We are here, we were there. We were never going shopping.
I just published an article titled, “We Were There, We Are Here, Where Are We?: Notes Toward A Study of Queer Theory in the Neoliberal University” in the journal QED. You can read the pdf here.
An excerpt:
“In 2008, the economic crisis hit and things at UIC took a turn for the worse. I still had friends and colleagues at the University and was there often for talks and meetings. I knew things were bad when they stopped dispensing paper towels in the bathrooms (and then years later that things were better when they restocked the machines). When it comes to the fortunes of public universities, there is much to be said for data analysis and crunching numbers.
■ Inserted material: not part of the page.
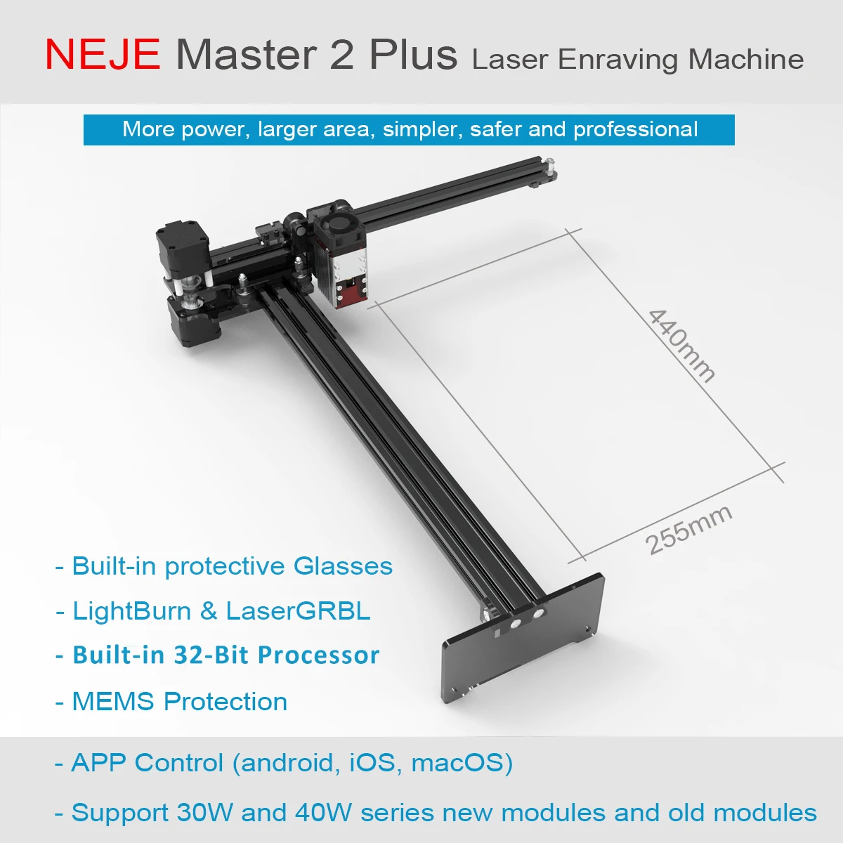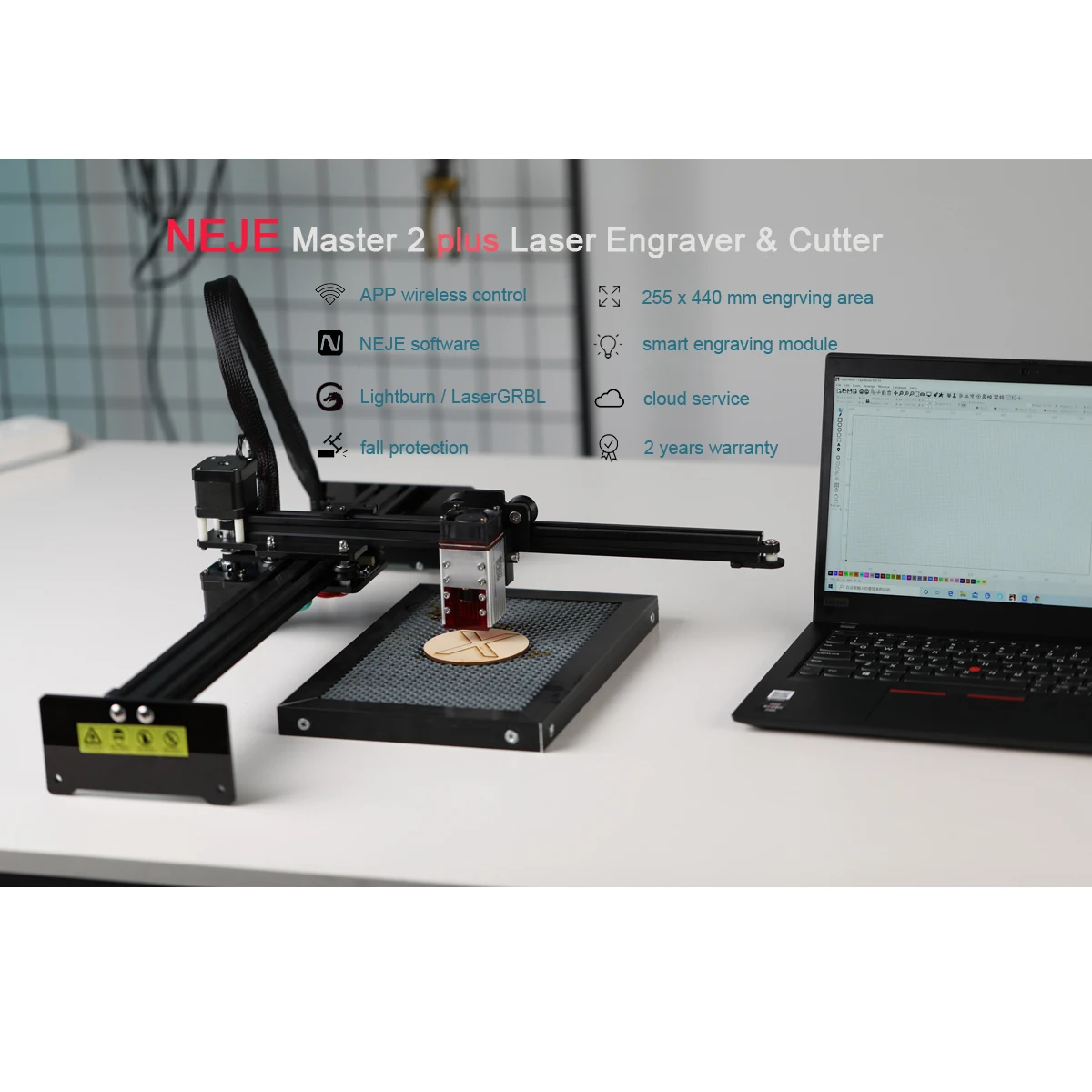 NEJE Master 2 Plus лазерный гравер может похвастаться большим рабочим размером 255 × 440 мм, модифицированным воздушным ассистированием, защитой от рулона MEMS, тихим бегом и автоматической регулировкой температуры. Поставляется с 30 Вт Фокусируемый лазерный модуль, который может обеспечить 7,5 W 450nm синий светильник лазер для легкого лазерной гравировки и резки различных мягких материалов. Несколько профессиональных программного обеспечения поддерживаются как LightBurn. Обеспечивает автономное управление приложением, которое совместимо с Android/Windows/iOS. Это универсальный лазерный гравировальный станок, который никогда вас не разочарует.

And there is much to be said for paying attention to those little signs that warn you things are not going well: the feel of the toilet paper, the availability or lack thereof of paper towels, the anxiety in main offices if you look like you’re about to walk away with a cheap Bic pen.”
And here is another:
“This is how I remember it, a band of queers jumping up and down and screaming that we were queer, that we weren’t going to support war, among thousands of people, asserting our queerness in the midst of it all. There is, somewhere, a scene from a film that might appear in the future, or at least the spool from within my mind that plays like a movie scene. It felt exhilarating, it felt necessary, and it would eventually pass into memory, lodged somewhere like a cinematic clip: We are here, we were there. We were never going shopping.”